* Extracted information:
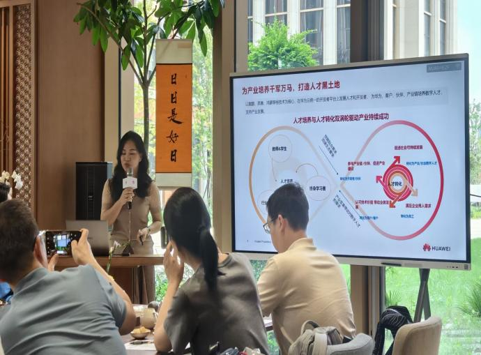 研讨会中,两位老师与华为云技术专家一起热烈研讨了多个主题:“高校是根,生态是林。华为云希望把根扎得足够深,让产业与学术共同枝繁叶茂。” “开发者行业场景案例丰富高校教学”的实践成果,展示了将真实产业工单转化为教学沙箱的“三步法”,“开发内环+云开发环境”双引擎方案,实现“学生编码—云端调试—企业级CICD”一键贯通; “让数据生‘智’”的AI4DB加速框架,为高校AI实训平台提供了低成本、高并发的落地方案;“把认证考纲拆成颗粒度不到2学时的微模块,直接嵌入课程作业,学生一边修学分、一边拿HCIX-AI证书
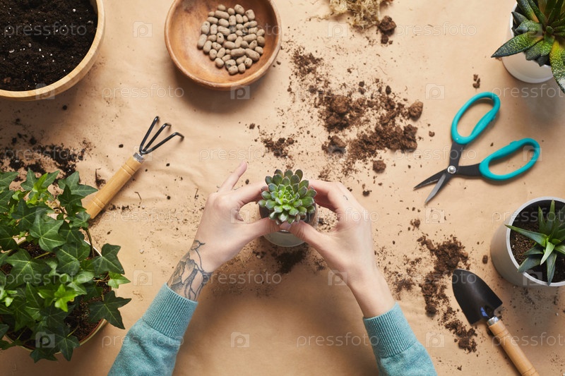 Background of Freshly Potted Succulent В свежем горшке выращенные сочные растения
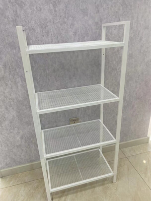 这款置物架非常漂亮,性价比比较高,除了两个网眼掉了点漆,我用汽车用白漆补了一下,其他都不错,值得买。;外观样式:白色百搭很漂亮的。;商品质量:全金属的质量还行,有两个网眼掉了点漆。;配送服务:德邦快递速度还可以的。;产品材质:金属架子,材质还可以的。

...

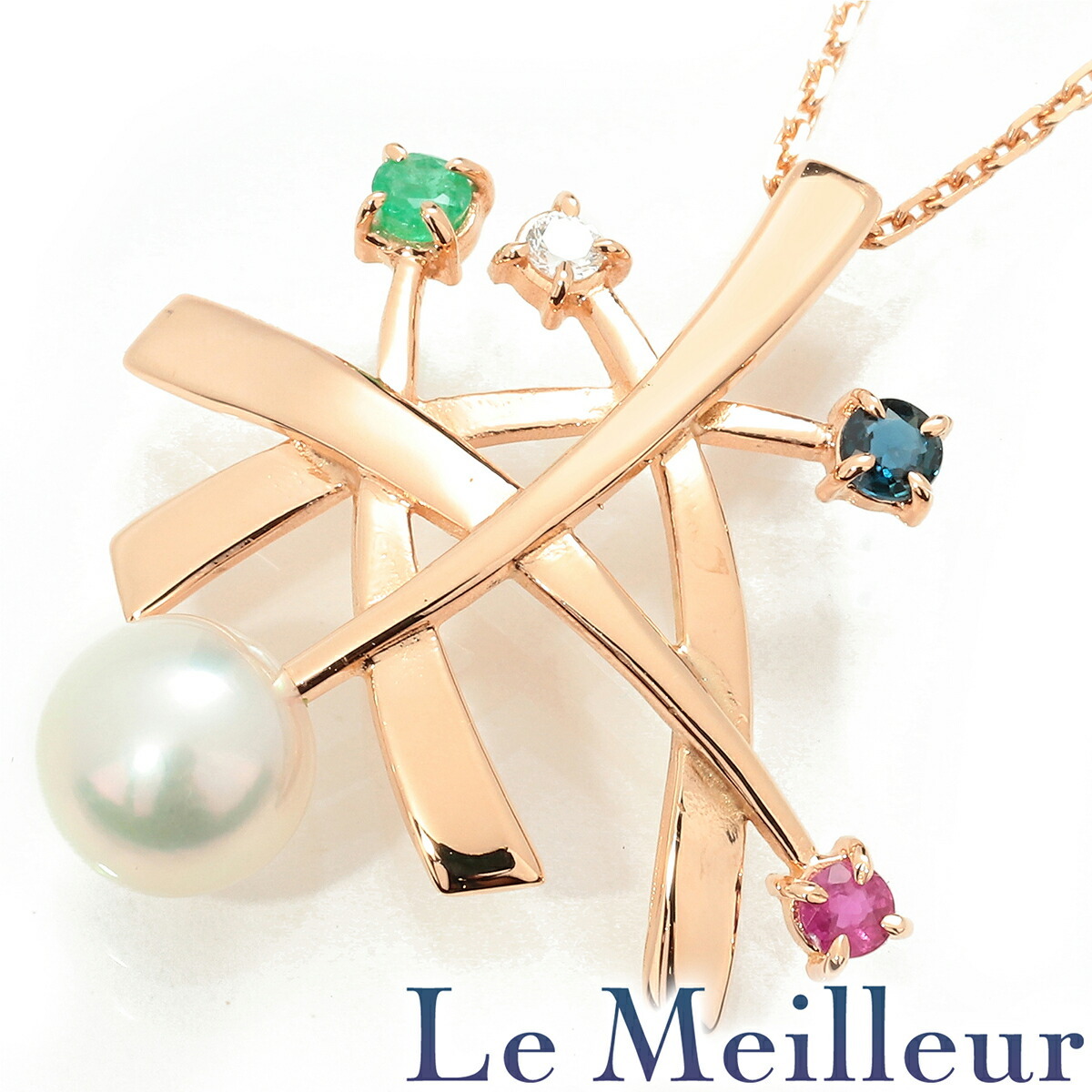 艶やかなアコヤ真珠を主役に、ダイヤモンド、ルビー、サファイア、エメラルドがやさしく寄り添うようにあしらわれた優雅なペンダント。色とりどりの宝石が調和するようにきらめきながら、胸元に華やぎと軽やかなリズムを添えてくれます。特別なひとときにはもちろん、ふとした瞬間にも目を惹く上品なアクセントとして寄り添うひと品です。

* Exercise prompt:
Within the listing above, the lines starting at the one containing "Background of Freshly" and ending at the one containing "这款置物架非常漂亮,性价比比" are to be returned exactly. Omit the pictures.

* Result of this task:
 Background of Freshly Potted Succulent В свежем горшке выращенные сочные растения
 这款置物架非常漂亮,性价比比较高,除了两个网眼掉了点漆,我用汽车用白漆补了一下,其他都不错,值得买。;外观样式:白色百搭很漂亮的。;商品质量:全金属的质量还行,有两个网眼掉了点漆。;配送服务:德邦快递速度还可以的。;产品材质:金属架子,材质还可以的。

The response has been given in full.